=== Provided material ===

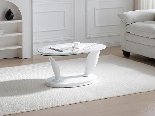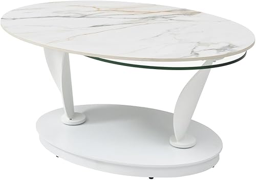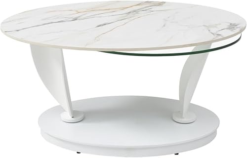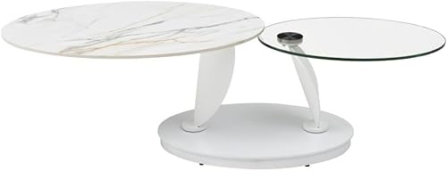 Vente-unique - Table Basse avec Plateaux pivotants en céramique, Verre trempé et métal - Effet marbre Blanc - MANEYA de Maison Céphy
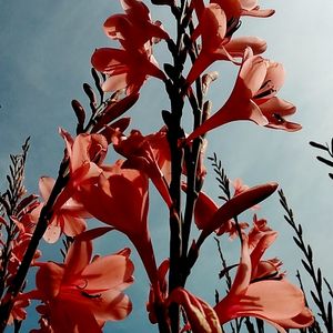 庭の地植えのワトソニア 🐒 ミナミアフリカ ゴイッコウ (アヤメ科ヒオウギズイセン) 😳 🐧 ? 🚜 🐘🐘🐘 🐫 たくさんの花茎が背丈ほどになり ピンクの花が開花し始めています 同じ南アフリカ原産の グラジオラス(アヤメ科)と近縁種で少し似ています
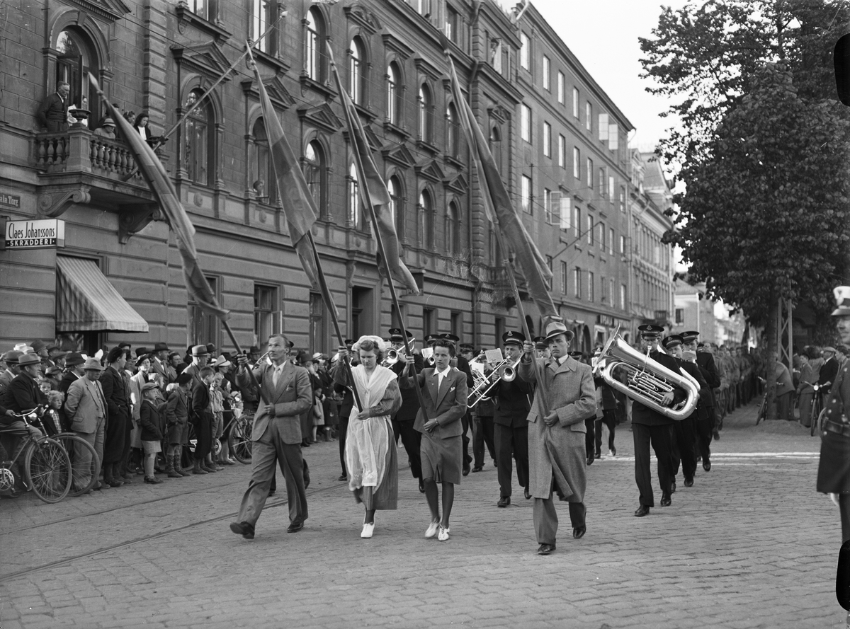 Medborgartåget på väg från Vaksala torg till nationaldagsfirandet på Studenternas Idrottsplats

===

● **To do**
Output the material above word for word. Leave out its images.

● **Response area**
 Vente-unique - Table Basse avec Plateaux pivotants en céramique, Verre trempé et métal - Effet marbre Blanc - MANEYA de Maison Céphy
 庭の地植えのワトソニア 🐒 ミナミアフリカ ゴイッコウ (アヤメ科ヒオウギズイセン) 😳 🐧 ? 🚜 🐘🐘🐘 🐫 たくさんの花茎が背丈ほどになり ピンクの花が開花し始めています 同じ南アフリカ原産の グラジオラス(アヤメ科)と近縁種で少し似ています
 Medborgartåget på väg från Vaksala torg till nationaldagsfirandet på Studenternas Idrottsplats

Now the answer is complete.